*** Records for this task ***

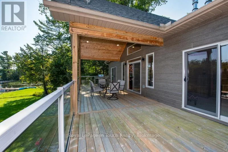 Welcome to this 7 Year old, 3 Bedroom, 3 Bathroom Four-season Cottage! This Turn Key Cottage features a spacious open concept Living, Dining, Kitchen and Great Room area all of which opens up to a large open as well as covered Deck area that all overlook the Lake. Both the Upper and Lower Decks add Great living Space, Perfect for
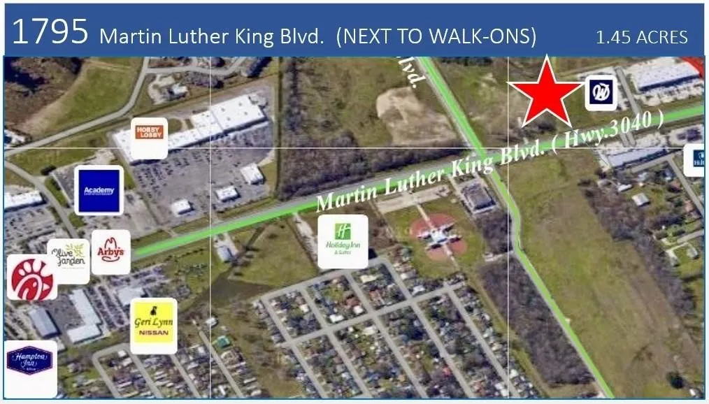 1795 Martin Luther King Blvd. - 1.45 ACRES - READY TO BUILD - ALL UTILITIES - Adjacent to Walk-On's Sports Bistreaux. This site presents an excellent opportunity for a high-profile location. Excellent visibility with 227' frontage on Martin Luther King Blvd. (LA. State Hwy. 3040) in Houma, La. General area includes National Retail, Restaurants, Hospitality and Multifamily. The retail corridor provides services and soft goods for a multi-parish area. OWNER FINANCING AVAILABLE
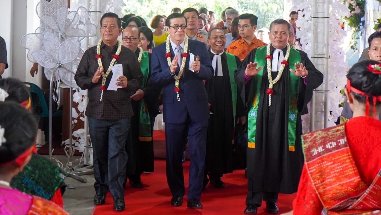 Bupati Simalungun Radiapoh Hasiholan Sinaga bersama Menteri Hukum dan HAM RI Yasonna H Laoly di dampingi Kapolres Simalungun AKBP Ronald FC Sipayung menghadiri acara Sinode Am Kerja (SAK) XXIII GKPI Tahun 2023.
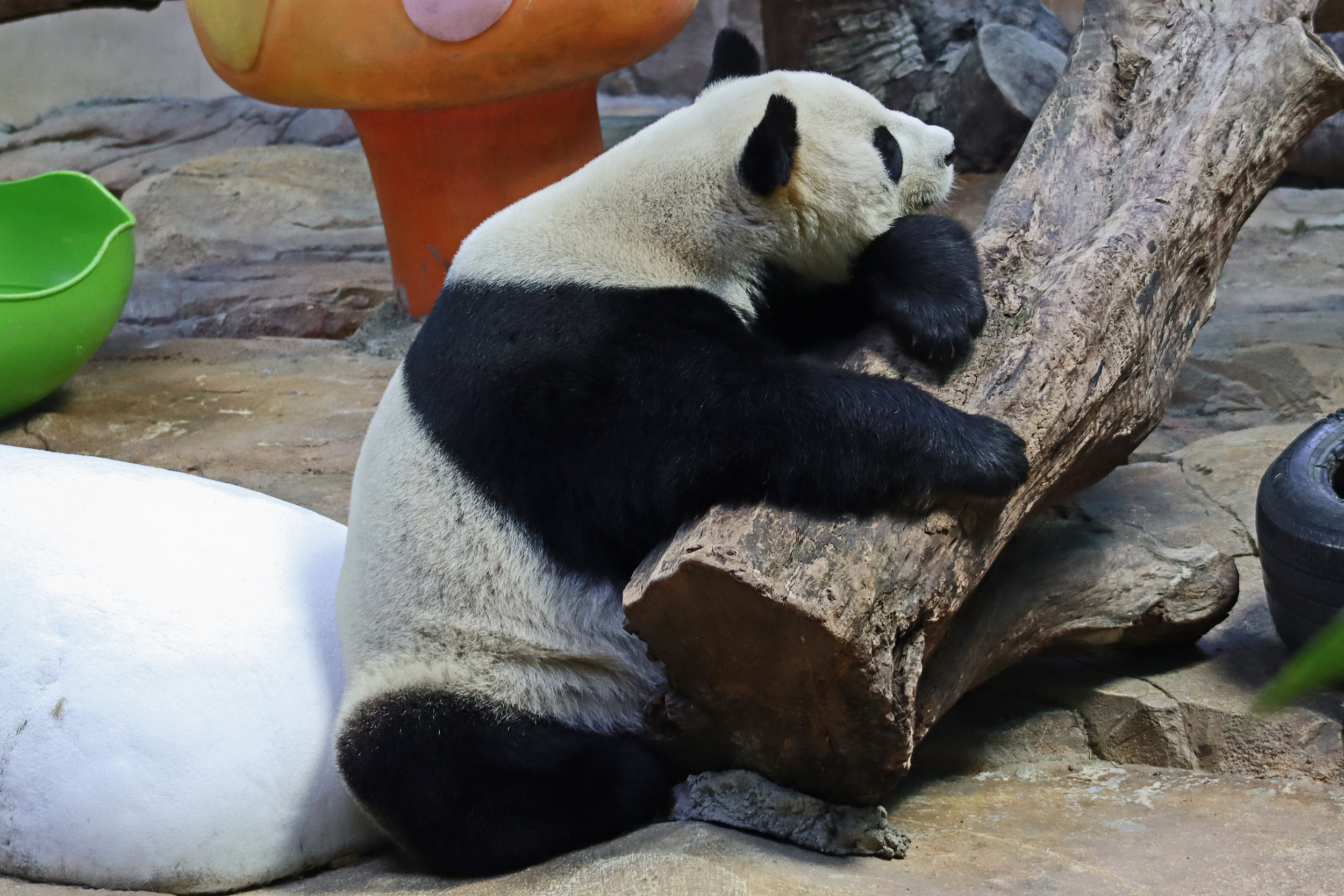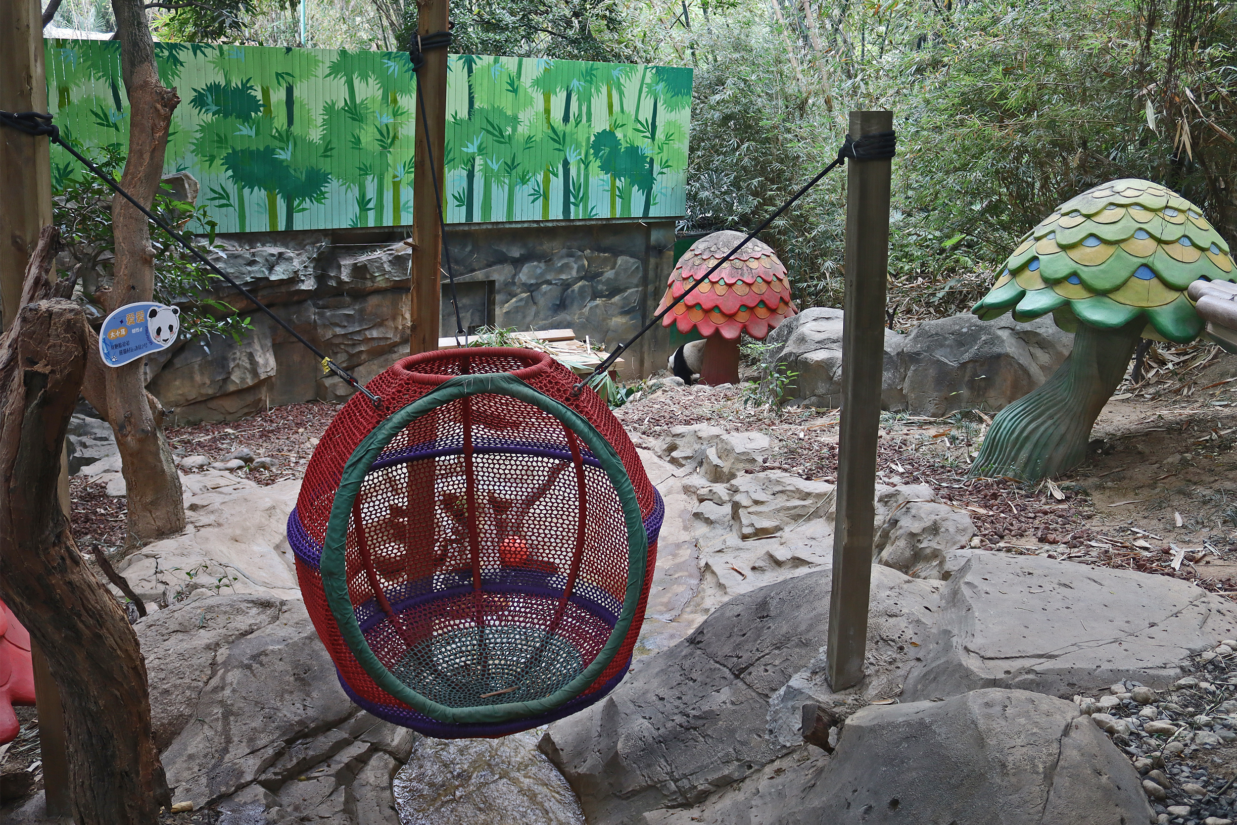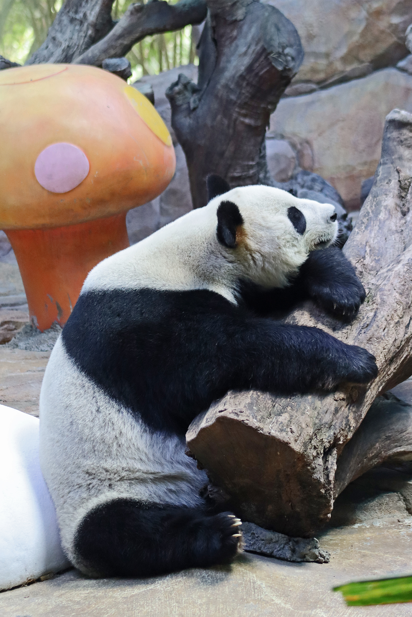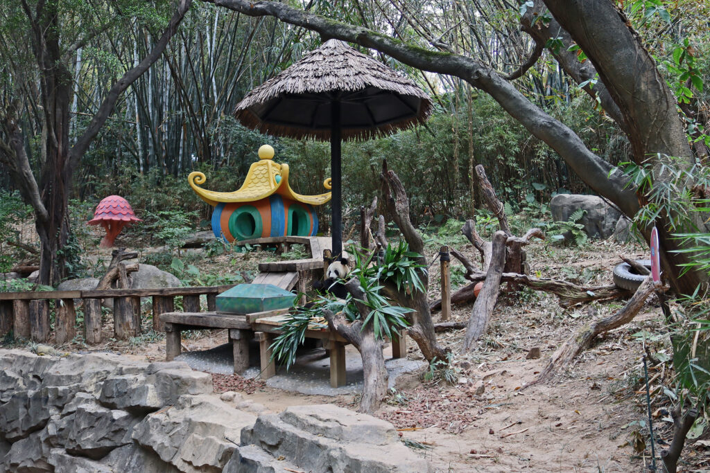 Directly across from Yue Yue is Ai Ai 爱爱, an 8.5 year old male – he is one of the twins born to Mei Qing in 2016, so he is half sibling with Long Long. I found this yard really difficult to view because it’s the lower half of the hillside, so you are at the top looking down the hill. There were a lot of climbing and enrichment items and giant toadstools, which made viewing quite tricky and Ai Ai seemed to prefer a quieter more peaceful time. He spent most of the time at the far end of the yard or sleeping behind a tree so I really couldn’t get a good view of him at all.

*** End of Records for this task ***
*** Records for this task ***

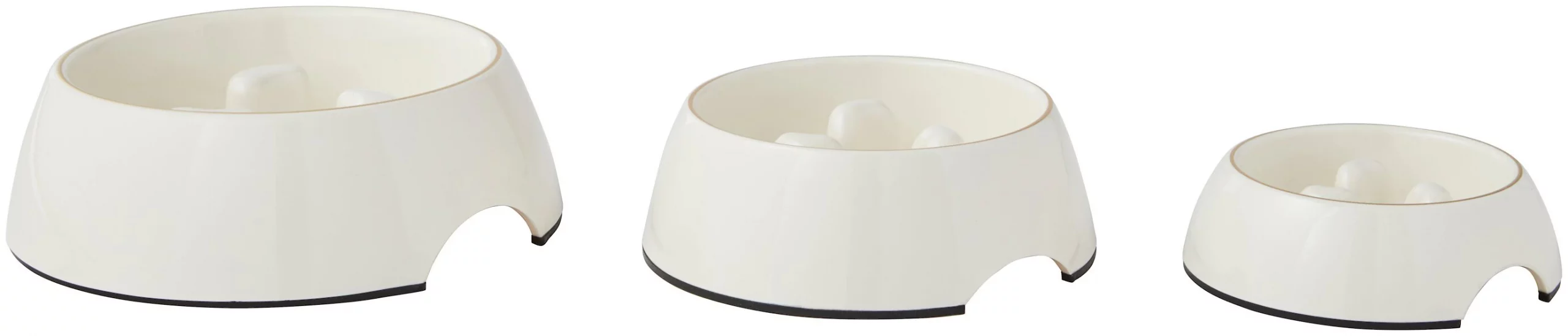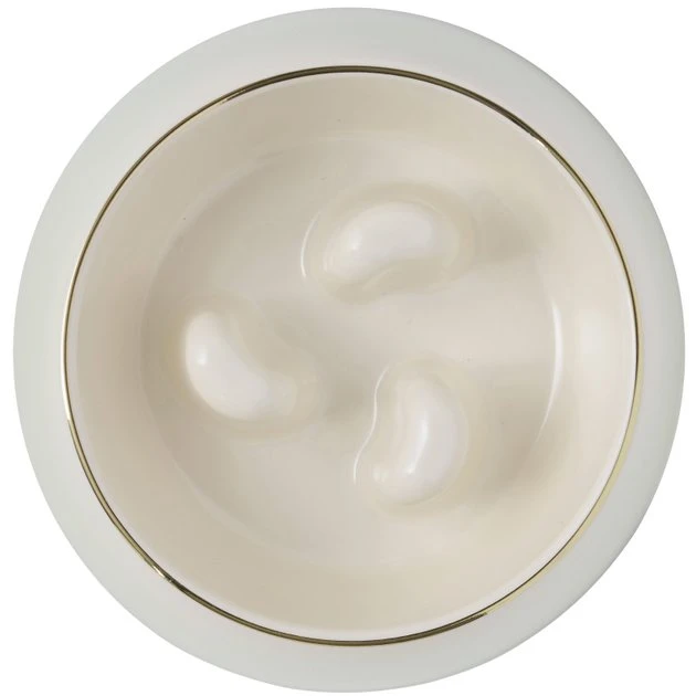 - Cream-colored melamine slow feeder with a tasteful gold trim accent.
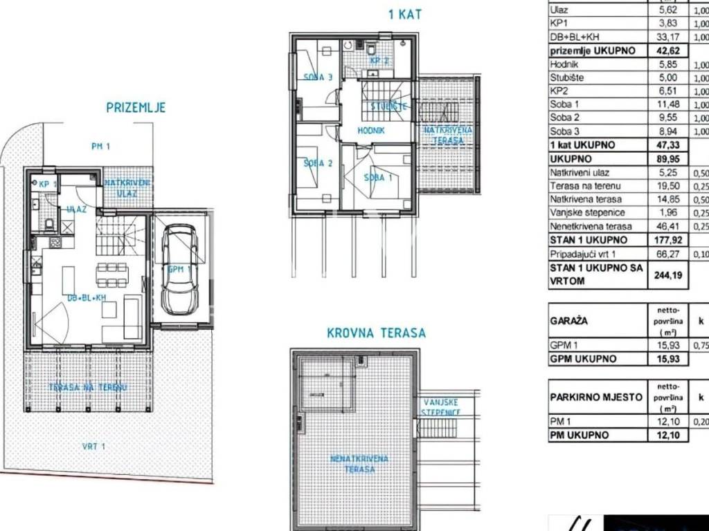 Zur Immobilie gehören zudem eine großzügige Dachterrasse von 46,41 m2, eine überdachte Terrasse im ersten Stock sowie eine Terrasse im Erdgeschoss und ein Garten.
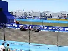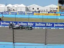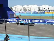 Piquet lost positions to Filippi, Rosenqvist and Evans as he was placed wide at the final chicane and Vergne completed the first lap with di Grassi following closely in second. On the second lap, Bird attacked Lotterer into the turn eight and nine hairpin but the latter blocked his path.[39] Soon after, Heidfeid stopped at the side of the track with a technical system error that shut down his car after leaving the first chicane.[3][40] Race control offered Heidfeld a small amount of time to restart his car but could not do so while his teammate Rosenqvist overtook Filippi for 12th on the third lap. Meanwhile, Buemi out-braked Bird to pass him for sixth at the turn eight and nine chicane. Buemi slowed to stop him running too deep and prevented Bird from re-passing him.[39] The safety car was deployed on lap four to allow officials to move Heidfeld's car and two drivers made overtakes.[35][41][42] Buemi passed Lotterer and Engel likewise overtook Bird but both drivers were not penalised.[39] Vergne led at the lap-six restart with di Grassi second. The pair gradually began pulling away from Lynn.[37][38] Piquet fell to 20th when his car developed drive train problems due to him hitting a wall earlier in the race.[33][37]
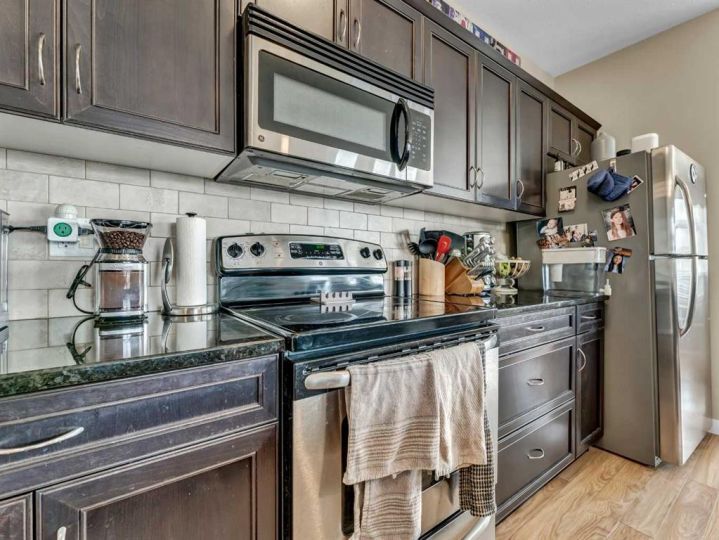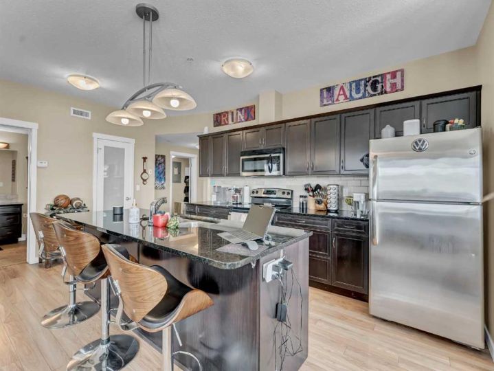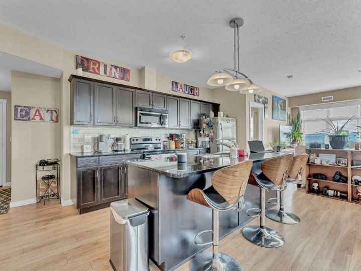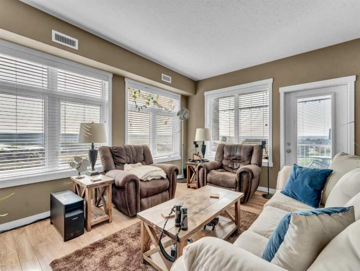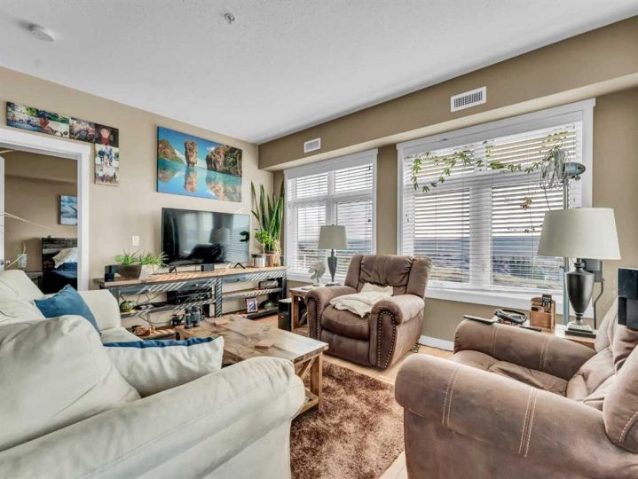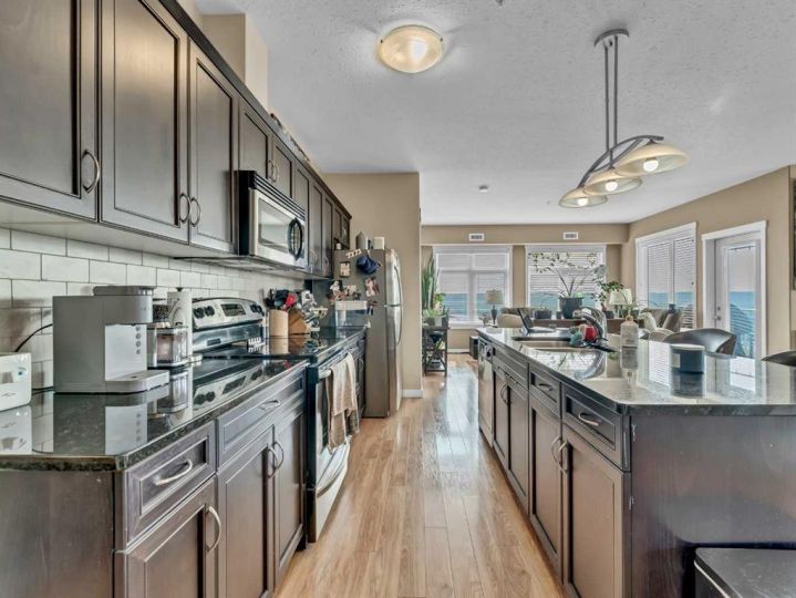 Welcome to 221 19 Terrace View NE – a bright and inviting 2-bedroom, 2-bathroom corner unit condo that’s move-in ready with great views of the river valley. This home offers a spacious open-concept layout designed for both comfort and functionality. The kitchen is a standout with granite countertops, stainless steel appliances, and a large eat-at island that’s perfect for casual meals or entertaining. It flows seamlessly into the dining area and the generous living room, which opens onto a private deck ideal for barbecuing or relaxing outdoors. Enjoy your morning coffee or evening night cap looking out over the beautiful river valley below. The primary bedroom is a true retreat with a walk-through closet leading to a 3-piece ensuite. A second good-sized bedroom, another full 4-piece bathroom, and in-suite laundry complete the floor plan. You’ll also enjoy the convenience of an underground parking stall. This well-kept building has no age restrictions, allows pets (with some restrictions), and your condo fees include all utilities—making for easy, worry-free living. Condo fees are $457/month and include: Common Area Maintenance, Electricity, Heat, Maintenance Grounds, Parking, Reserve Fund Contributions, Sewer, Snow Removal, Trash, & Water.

*** End of Records for this task ***
*** Records for this task ***

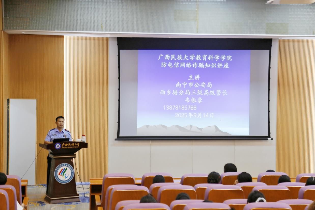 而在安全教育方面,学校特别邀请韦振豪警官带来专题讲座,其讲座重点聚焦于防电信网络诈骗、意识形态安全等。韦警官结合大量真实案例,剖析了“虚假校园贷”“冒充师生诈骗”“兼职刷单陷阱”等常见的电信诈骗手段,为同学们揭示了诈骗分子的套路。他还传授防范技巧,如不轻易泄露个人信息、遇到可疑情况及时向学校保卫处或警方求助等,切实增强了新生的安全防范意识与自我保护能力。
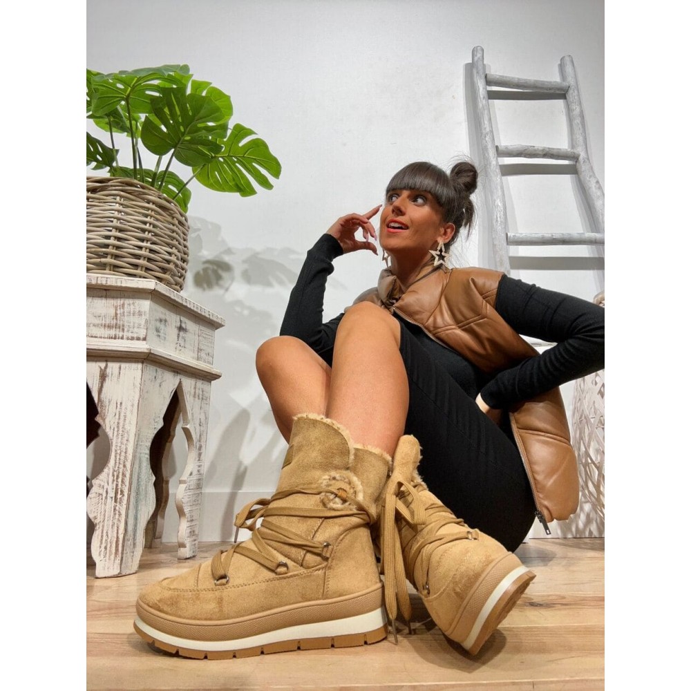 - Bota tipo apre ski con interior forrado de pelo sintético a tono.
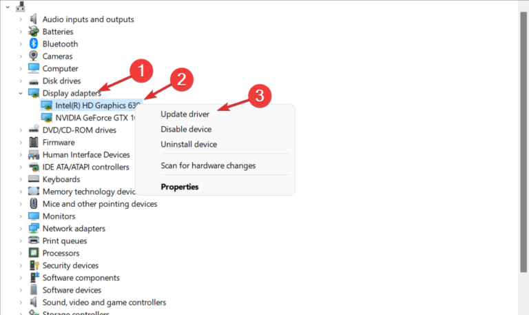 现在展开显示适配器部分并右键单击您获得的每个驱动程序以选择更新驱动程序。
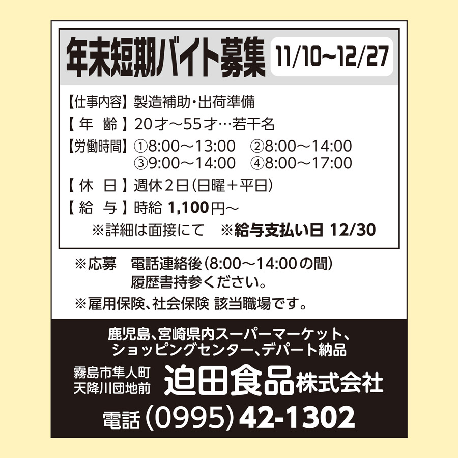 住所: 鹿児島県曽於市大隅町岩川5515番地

*** End of Records for this task ***

▶ **The task**
Exactly as written above, retype the lines starting at the one holding "而在安全教育方面,学校特别邀" and ending at the one holding "住所: 鹿児島県曽於市大隅町岩川5515番地", both included, but not the pictures.

▶ **Completed exercise**
 而在安全教育方面,学校特别邀请韦振豪警官带来专题讲座,其讲座重点聚焦于防电信网络诈骗、意识形态安全等。韦警官结合大量真实案例,剖析了“虚假校园贷”“冒充师生诈骗”“兼职刷单陷阱”等常见的电信诈骗手段,为同学们揭示了诈骗分子的套路。他还传授防范技巧,如不轻易泄露个人信息、遇到可疑情况及时向学校保卫处或警方求助等,切实增强了新生的安全防范意识与自我保护能力。
 - Bota tipo apre ski con interior forrado de pelo sintético a tono.
 现在展开显示适配器部分并右键单击您获得的每个驱动程序以选择更新驱动程序。
 住所: 鹿児島県曽於市大隅町岩川5515番地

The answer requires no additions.